We express no view as to, and our opinion does not address, the Company’s underlying business decision to proceed with or effect the Transaction, or the relative merits of the Transaction as compared to any alternative business strategies or transactions that might be available to the Company or in which the Company might engage. This opinion is limited to and addresses only the fairness, from a financial point of view, as of the date hereof, to the holders of Shares (other than Excluded Shares) of the Offer Price proposed to be paid to such holders pursuant to the terms of the Merger Agreement. We have not been asked to, nor do we express any view on, and our opinion does not address, any other term or aspect of the Merger Agreement, the CVR Agreement, or the Transaction, including, without limitation, the structure or form of the Transaction, the form or any other terms of the CVR, or any other agreements or arrangements contemplated by the Merger Agreement or entered into in connection with or otherwise contemplated by the Transaction, including, without limitation, the fairness of the Transaction or any other term or aspect of the Transaction to, or any consideration to be received in connection therewith by, or the impact of the Transaction on, the holders of any other class of securities, creditors or other constituencies of the Company or any other party. In addition, we express no view or opinion as to the fairness (financial or otherwise) of the amount, nature or any other aspect of any compensation to be paid or payable to any of the officers, directors or employees of the Company or any other party, or class of such persons in connection with the Transaction, whether relative to the Offer Price proposed to be paid to holders of Shares pursuant to the terms of the Merger Agreement or otherwise. Our opinion is necessarily based on financial, economic, monetary, currency, market and other conditions and circumstances as in effect on, and the information made available to us as of, the date hereof, and we do not have any obligation or responsibility to update, revise or reaffirm this opinion based on circumstances, developments or events occurring after the date hereof. Our opinion does not constitute a recommendation to any stockholder of the Company as to whether or how such stockholder should vote or otherwise act with respect to the Transaction or any other matter.

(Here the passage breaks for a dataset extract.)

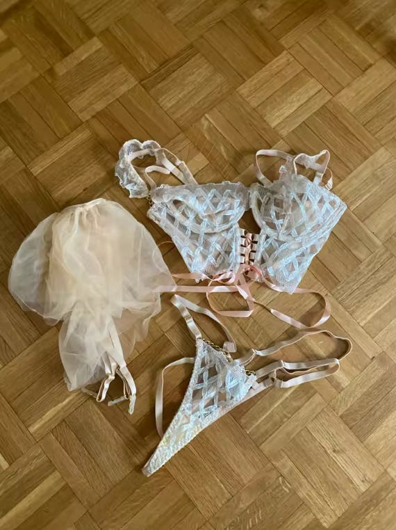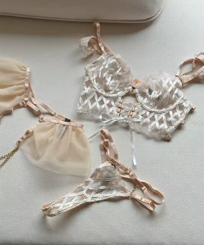 Odkryj zestaw Muse – wyjątkowy komplet bielizny, w którym fantazja spotyka się z elegancją. Inspirowany gorsetem projekt zachwyca misterną koronką, złotymi łańcuszkami i subtelnym tiulem, który lekko unosi się przy każdym ruchu. To model, który podkreśla kobiecą sylwetkę, uwodzi detalem i emanuje luksusem z każdej strony.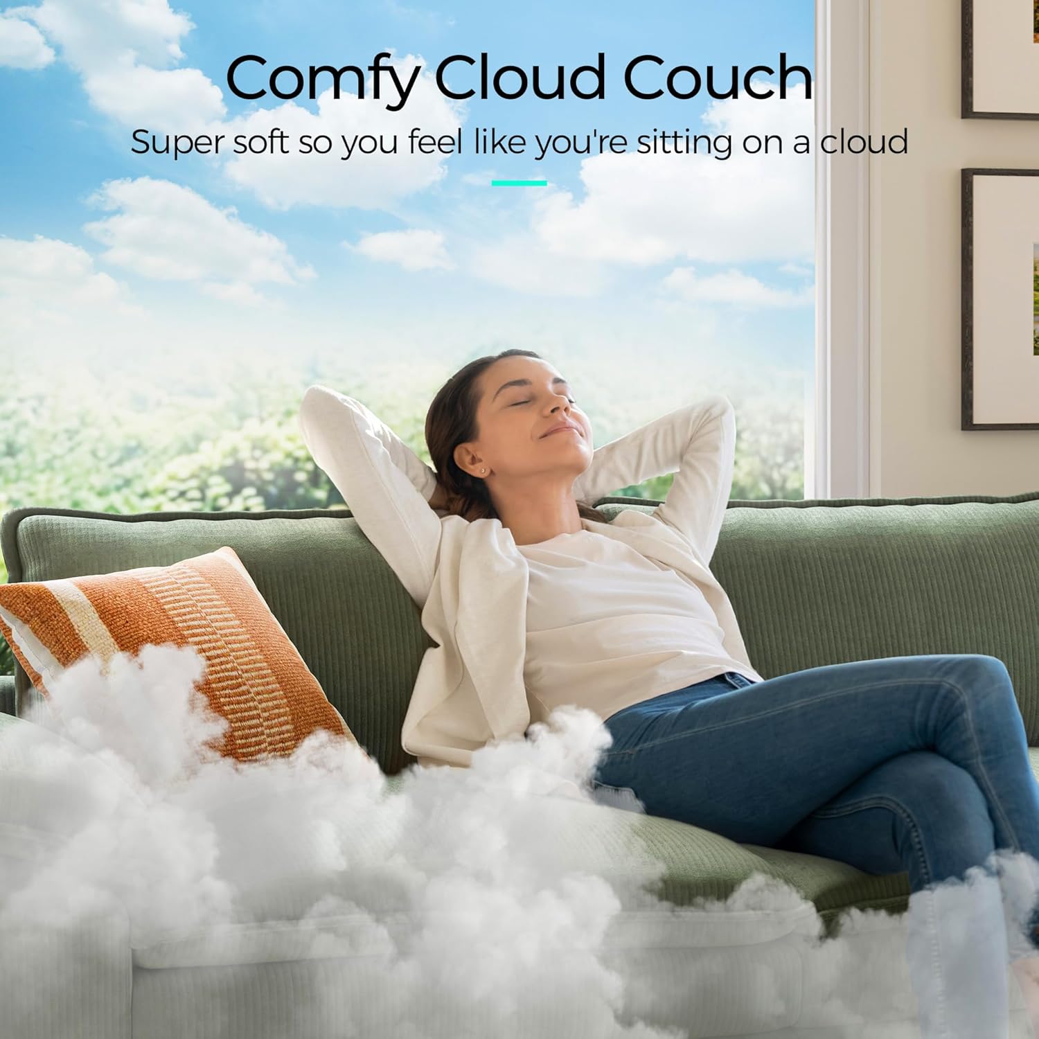 - Comfy Double-layer Seat Cushion Cloud Couch: Experience cloud-like comfort with our double-layer seat cushion. The combination of high-density cotton, sponge, and pocket springs provides superior softness and support, making every seat very soft. This sofa is designed to offer ultimate relaxation, whether you're lounging alone or hosting guests

Our financial advisory services and the opinion expressed herein are provided for the information and assistance of the Board of Directors of the Company (in their capacity as directors and not in any other capacity) in connection with and for purposes of its consideration of the Transaction. This opinion has been authorized by the Leerink Partners LLC Fairness Opinion Review Committee.
Based upon and subject to the foregoing, including the various assumptions, qualifications and limitations set forth herein, it is our opinion that, as of the date hereof, the Offer Price proposed to be paid to the holders of Shares (other than Excluded Shares) pursuant to the terms of the Merger Agreement is fair, from a financial point of view, to such holders.